It is frequently used to model phenomena of a continuous nature such as the time between arrivals (e.g. time between customers arriving at a restaraunt) and the distance between occurrences (e.g. distance between defects in a plate glass window). It is closely associated with the Poisson discrete random variable, which we will return to later.

Cumulative distribution function

Probability density function ($f$) characterizes distribution of continuous random variable.
Equivalently, cumulative distribution function characterizes continuous random variables
For a continuous random variable $X$ define its cumulative distribution function (CDF) $F_X(x)$ as,

\[ \begin{eqnarray} F_X(x) & = & P(X \leq x) = \int_{-\infty} ^{x} f_X(t) dt \end{eqnarray} \]

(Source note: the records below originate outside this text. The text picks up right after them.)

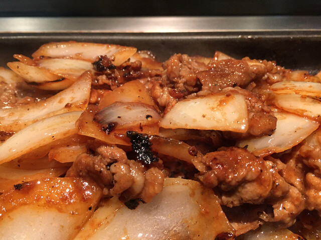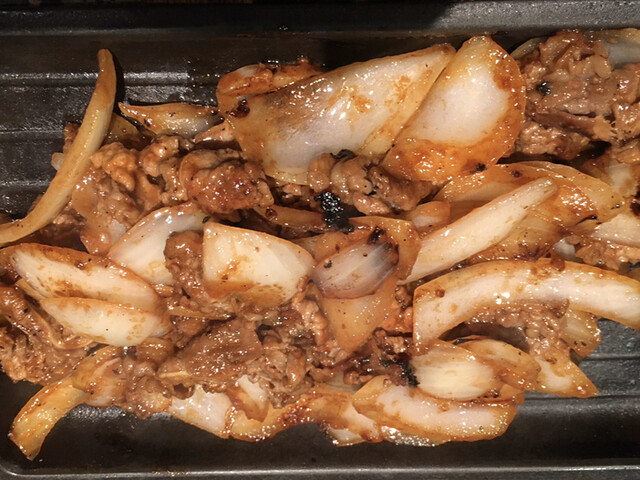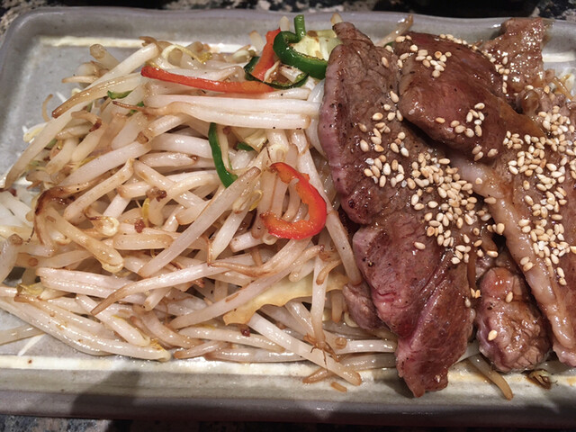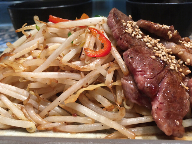 食べながら鉄板で焼く様子を見ていてびっくり。モヤシ炒めに入っているパプリカとピーマン、キャベツ、別々に火を入れ、最後にモヤシ投入。多分それぞれの野菜がちょうどよい状態にするためなんでしょうね。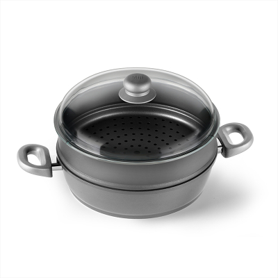 Miji 德国米技星辰系列不粘锅28cm双耳煎炒锅带蒸格套装(高拱玻璃盖)MIJI-STARTS28-BSP/CN 套 灰色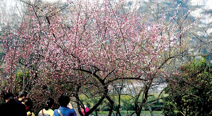 昨日,碧沙崗公園,紅梅盛開,游人爭(zhēng)相合影。 記者 張翼飛 圖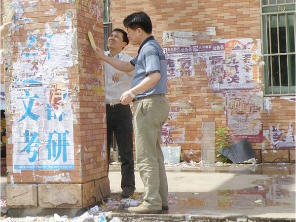 后勤集团全体党员开展义务劳动 整治校园垃圾广告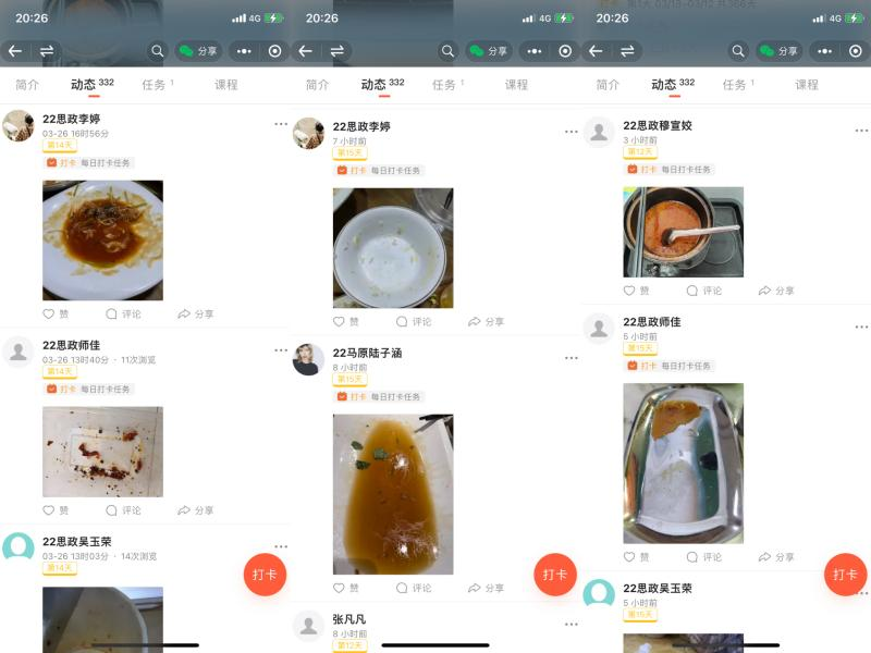 3月6日起,我院举办“光盘打卡”行动,倡导大家践行节粮理念,养成不贪多不浪费的饮食好习惯。我院共有46位同学参与了本次光盘打卡行动,同学们每日在打卡小程序内上传自己的光盘照片进行活动参与。在本次活动中,我院学子争做节粮减损的践行者,用青春行动筑牢粮食安全底线,展现出勤俭节约、艰苦朴素的优良品质。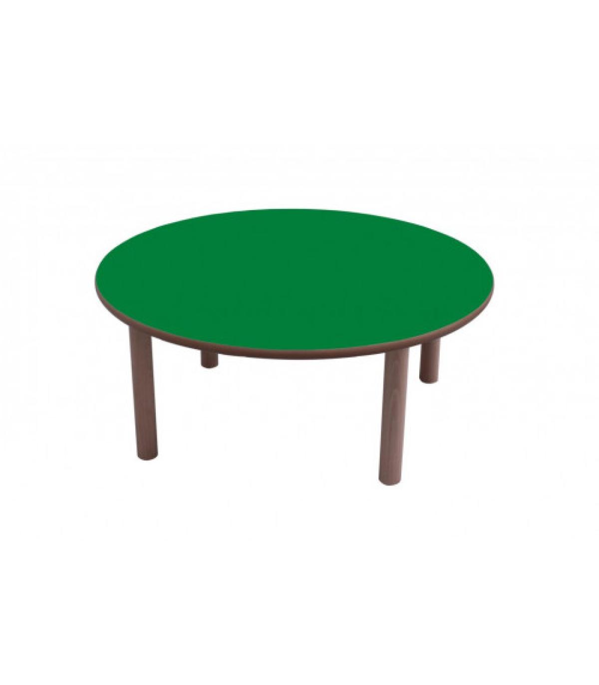 Mesa infantil redonda compuesta por cuatro patas de madera de haya de Ø50 mm con acabado en barniz no tóxico y una encimera en forma circular fabricada en tablero MDF (DM) de 21 mm de espesor, con cantos redondeados barnizados en barniz no tóxico. Superficie y contratiro de la encimera laminadas con planchas de alta presión (HPL), muy resistentes al desgaste.Incorpora conteras de silicona para evitar el rozamiento directo con el suelo.Íntegramente desmontable, reduciendo así el impacto ambiental en su transporte.Garantizado por los ensayos realizados en centro tecnológico de certificación de mobiliario TECNALIA.
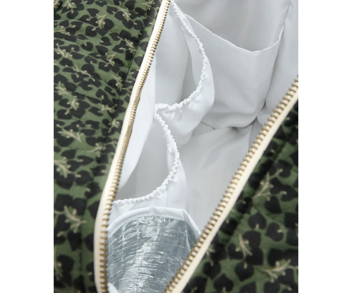 En su interior encontrarás un bolsillo isotermo, ideal para guardar biberones o alimentos y mantenerlos a la temperatura adecuada durante los paseos. Además, su diseño práctico y elegante lo convierte en el complemento perfecto para las salidas con tu bebé.

Example: uniform distribution

Suppose $X \sim Uniform(0,1)$, then

\[ \begin{eqnarray} F_X(x) & = & P(X\leq x) \\ & = & 0 \text{, if $x< 0$ } \\ & = & 1 \text{, if $x >1$ } \\ & = & x \text{, if $x \in [0,1]$} \end{eqnarray} \]

unif_pdf <- function(a, b){
  data_frame(x = seq(a - 1, b + 1, by = .01),
             pdf = dunif(x = x, min = a, max = b)) %>%
    ggplot(aes(x, pdf)) +
    geom_line() +
    labs(title = "Uniform PDF",
         subtitle = bquote(a == .(a) ~ b == .(b)),
         x = expression(x),
         y = expression(f[X] (x)))
}

unif_cdf <- function(a, b){
  data_frame(x = seq(a - 1, b + 1, by = .01),
             cdf = punif(q = x, min = a, max = b)) %>%
    ggplot(aes(x, cdf)) +
    geom_line() +
    labs(title = "Uniform CDF",
         subtitle = bquote(a == .(a) ~ b == .(b)),
         x = expression(x),
         y = expression(F[X] (x)))
}

unif_pdf(0, 1) +
  unif_cdf(0, 1)

Properties of CDFs

$F_X$ is monotonically nodecreasing – if $x \leq y$, then $F_X(x) \leq F_X(y)$
$F_X(x)$ tends to $0$ as $x \rightarrow -\infty$, and to $1$ as $x \rightarrow \infty$
$F_X(x)$ is a continuous function of $x$
If $X$ is continuous, the PDF and CDF can be obtained from each other by integration or differentiation

\[F_X(x) = \int_{-\infty}^x f_X(t) dt, \quad f_X(x) = \frac{dF_X}{dx} (x)\]

Normal random variables

Suppose $X$ is a random variable with $X \in \Re$ and density

\[ \begin{eqnarray} f(x) & = & \frac{1}{\sqrt{2\pi \sigma^2}}\exp\left(-\frac{(x - \mu)^2}{2\sigma^2}\right) \nonumber \end{eqnarray} \]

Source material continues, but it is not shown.